▸ **Aim of the task**
Look below for the line with "14K Two Tone". Retype it and every line after it to the end, exactly, but leave out the pictures.

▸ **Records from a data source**
== Segment start ==

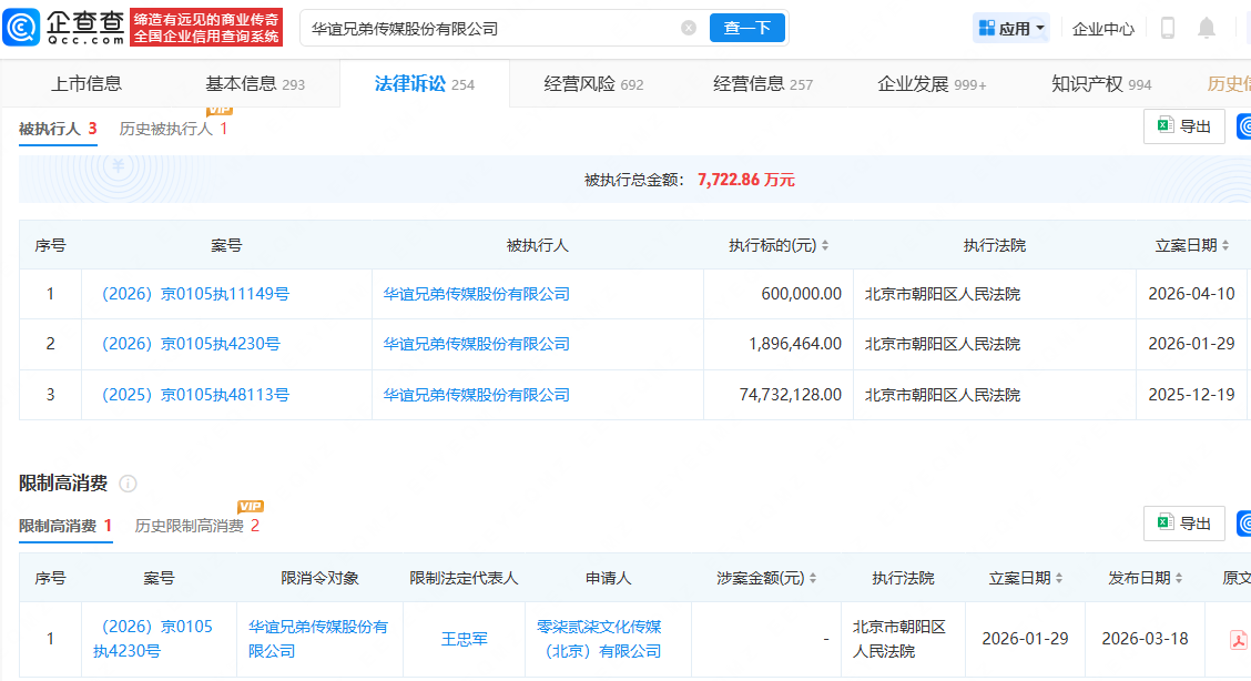 风险信息显示,华谊兄弟已被列为被执行人,并被限制高消费。
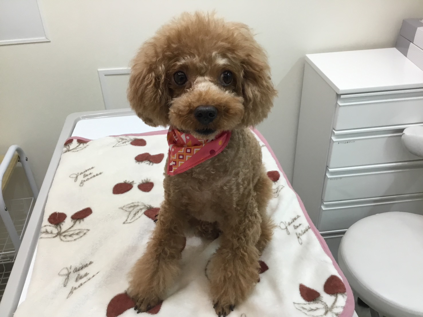 傷口のチェックをし、おめかしして飼い主様のお迎えを待ちます!
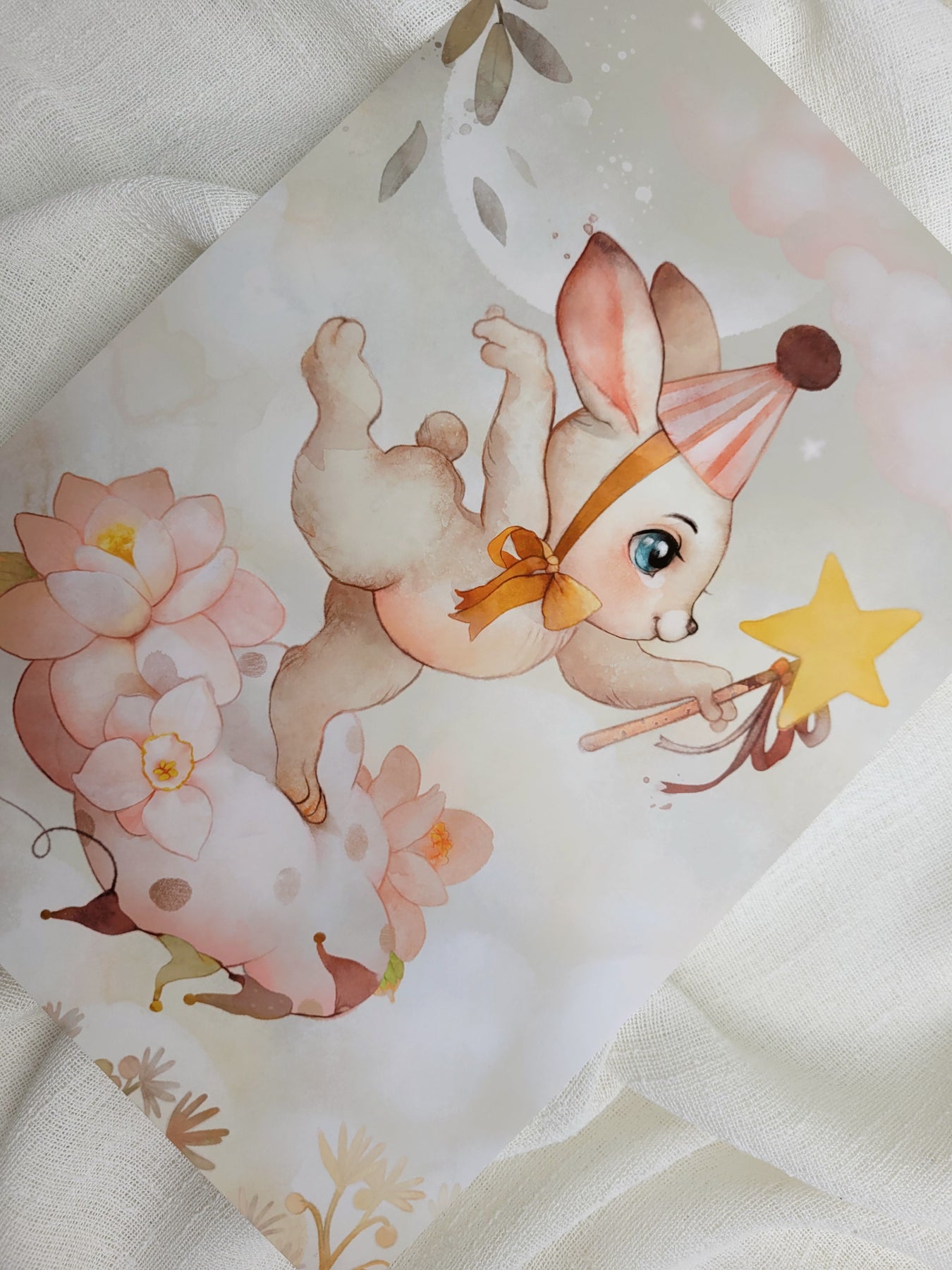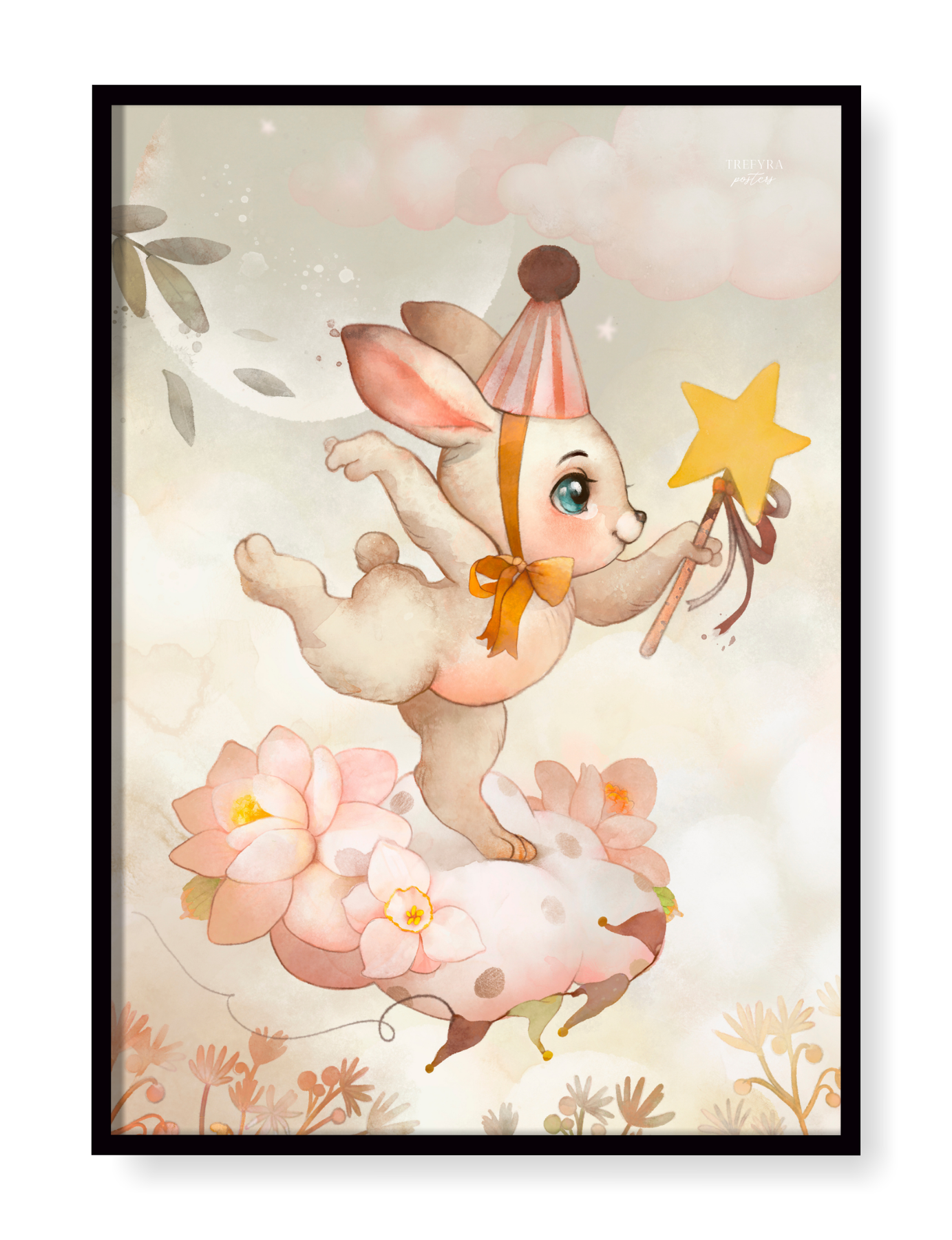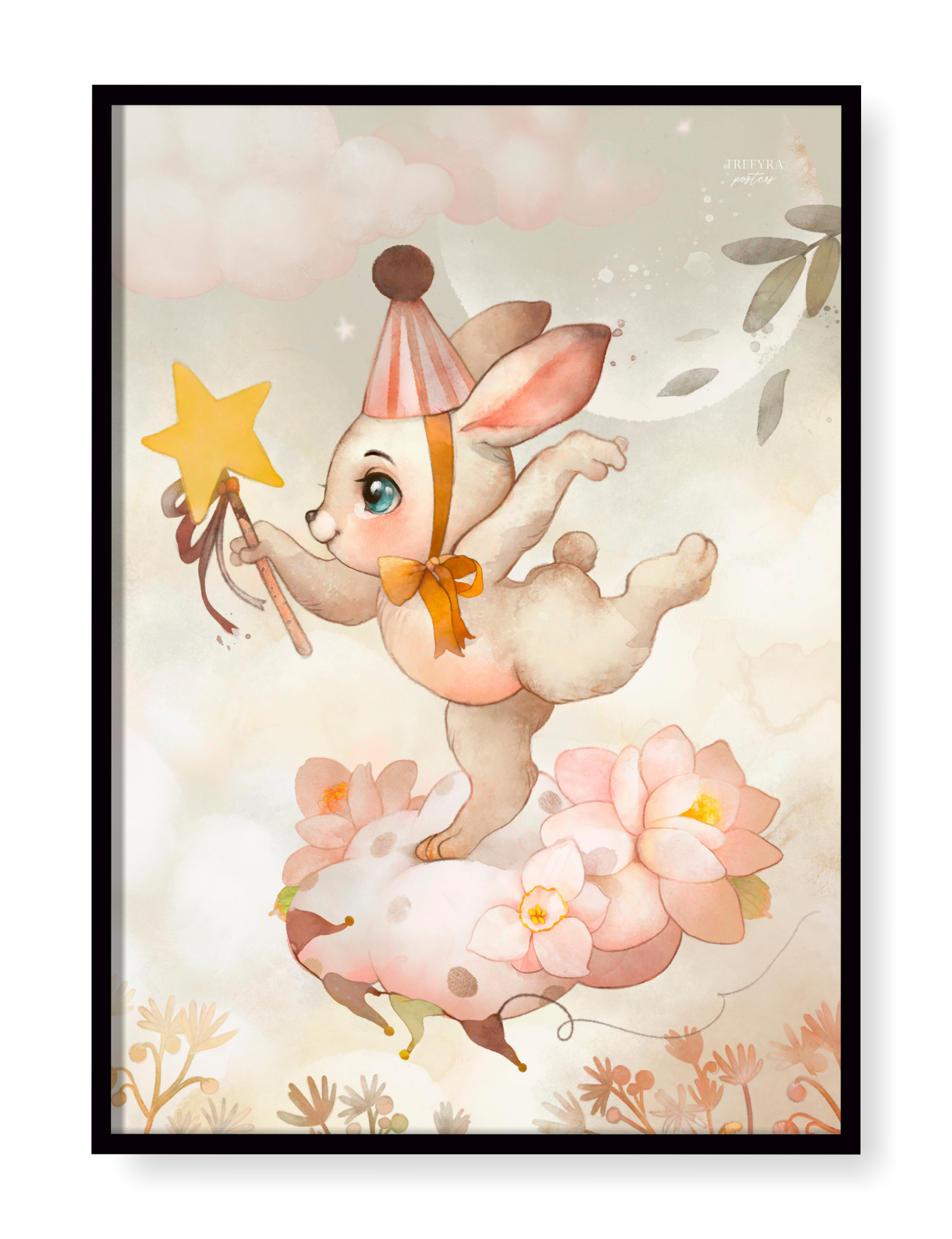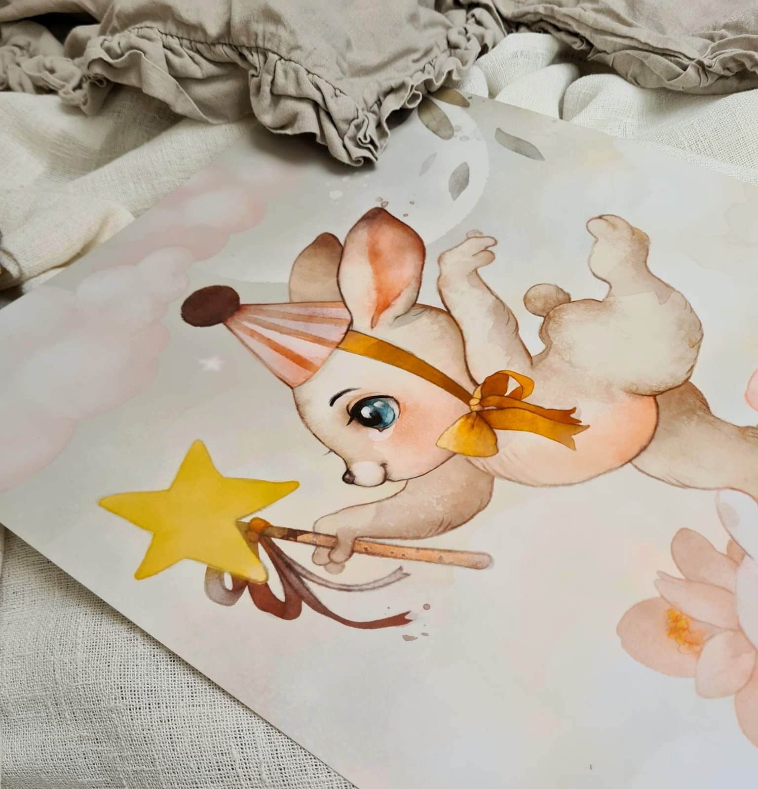 Barnposter från kollektionen Tranquil dreams som kommer utan personligt prägel. Här fångas magin och äventyret i akvarell med vackra och mjuka färger.
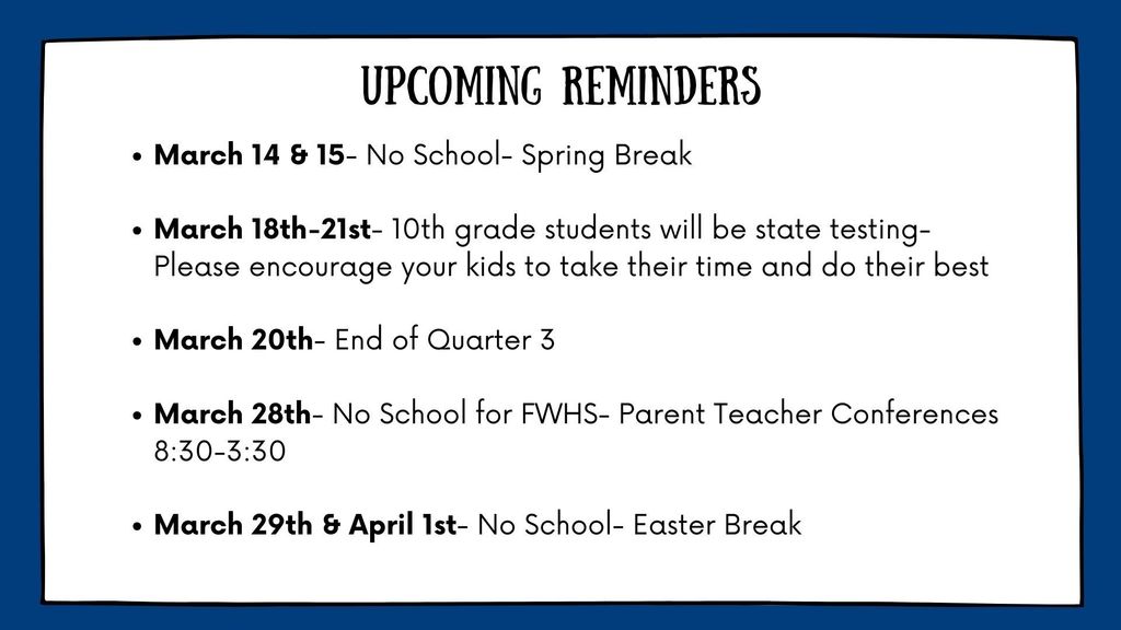 Contact the District Business Manager at (701)766-1438 or via email at fwhs.business@k12.nd.us if you have questions or need assistance with any of these.
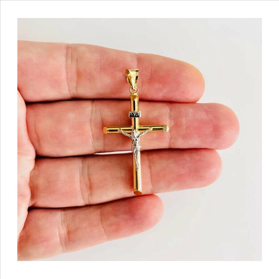 14K Two Tone Gold Hollow Round Tube Crucufix Pendant
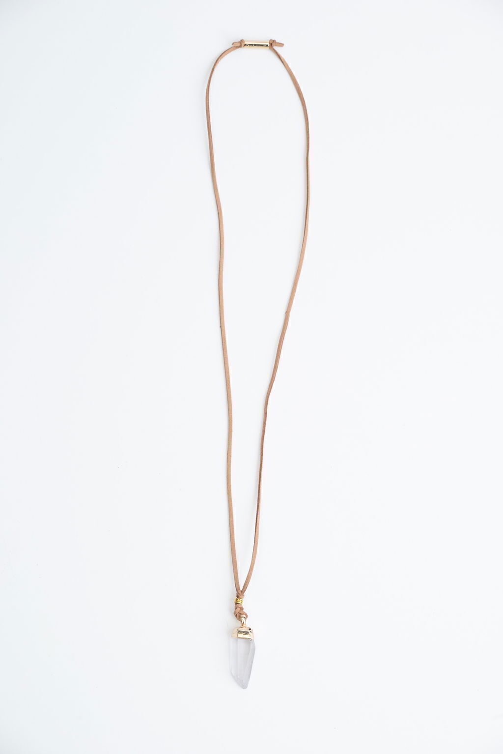 Cuarzo Cristal bañada en Oro y cordón de gamuza color marron, largo regulable.

== Segment end ==

▸ **Solution to the exercise**
 14K Two Tone Gold Hollow Round Tube Crucufix Pendant
 Cuarzo Cristal bañada en Oro y cordón de gamuza color marron, largo regulable.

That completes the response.